La crise du diesel : qui fait monter le litre ?
Depuis des jours les chaînes d’info en continu, les quotidiens de la presse écrite, les radios nous ressassent une actualité anxiogène en débattant à perte de vue sur la flambée des prix du carburant. Sauf que l’on débat sans explications de fond, sans donner les explications voulues sur les concepts et éléments de langage utilisés. On accuse ou l’on défend les raffineurs, leurs marges, leurs gains multipliés par 3 ou 4 sans vraiment expliquer ce qu’il en est et la réalité des faits.

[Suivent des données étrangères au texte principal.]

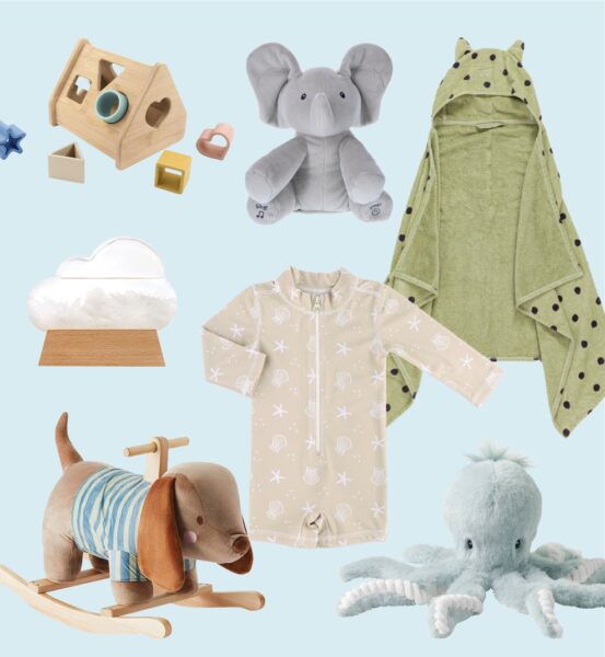 Baby Bunting 4Baby Swim All In One Zip Swimsuit $29.99, Baby Bunting Baby Gund Animated Flappy The Elephant Plush Toy $99.95, Baby Bunting Playground Shape Sorter $44.99, Bed Bath N’ Table Morgan & Finch Dash Rocking Toy $149.95, Bed Bath N’ Table Morgan & Finch Inky Octopus Soft Toy $29.95, Howards Storage World Cloud Weather Forecast Station $49.95, Pillow Talk Kids Dinosaur Hooded Towel $39.95.

À Montceau News, il nous est apparu indispensable et utile de nous emparer du sujet et de fournir des explications claires et précises pour éclairer nos lecteurs.
À la question « La crise du diesel : qui fait monter le litre ? », la réponse courte qui nous est donnée est : « La hausse vient d’abord d’une pénurie mondiale de gazole disponible, aggravée par la hausse du pétrole brut. Les raffineurs en tirent des marges et des bénéfices nettement plus élevés. En France, la TVA ajoute ensuite 20 % à la hausse du prix hors taxe. » Réduire l’explication aux frappes ukrainiennes contre les raffineries russes, comme l’a fait Donald Trump, laisse de côté une part majeure de la crise : les perturbations au Moyen-Orient.

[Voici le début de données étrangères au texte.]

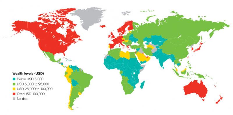 Швейцарская компания Credit Suisse опубликовала отчет об уровне благосостояния в различных странах мира.

Ce qui manque réellement. Le gazole français se négocie sur un marché international. Il peut renchérir même si une raffinerie française fonctionne normalement : celle-ci vend ses produits à un prix influencé par les cours mondiaux, tandis que la France achète aussi des produits raffinés à l’étranger. Le ministère rappelle que le prix des carburants raffinés et la marge brute de raffinage sont déterminés à partir de cotations internationales. Les chiffres de l’Agence internationale de l’énergie permettent de mesurer les deux chocs simultanés. En août 2026, les exportations nettes de gazole des pays du Golfe n’atteignaient plus qu’un peu plus du quart de leur niveau d’avant-guerre. Les perturbations du raffinage russe et la quasi-interruption de ses exportations se sont ajoutées à cette perte. Ensemble, le Golfe et la Russie exportaient 1,6 million de barils de gazole par jour de moins qu’en février. Dans le même temps, la production mondiale de pétrole reculait et les stocks diminuaient fortement. Les frappes sur les raffineries russes comptent donc. Elles ne suffisent pas à expliquer la crise. Une diminution du volume raffiné peut faire bondir le prix de marché du gazole lorsque l’offre devient insuffisante. Elle ne démontre pas que les salaires, l’énergie ou les autres dépenses nécessaires pour raffiner chaque litre ont, eux, été multipliés par trois ou quatre.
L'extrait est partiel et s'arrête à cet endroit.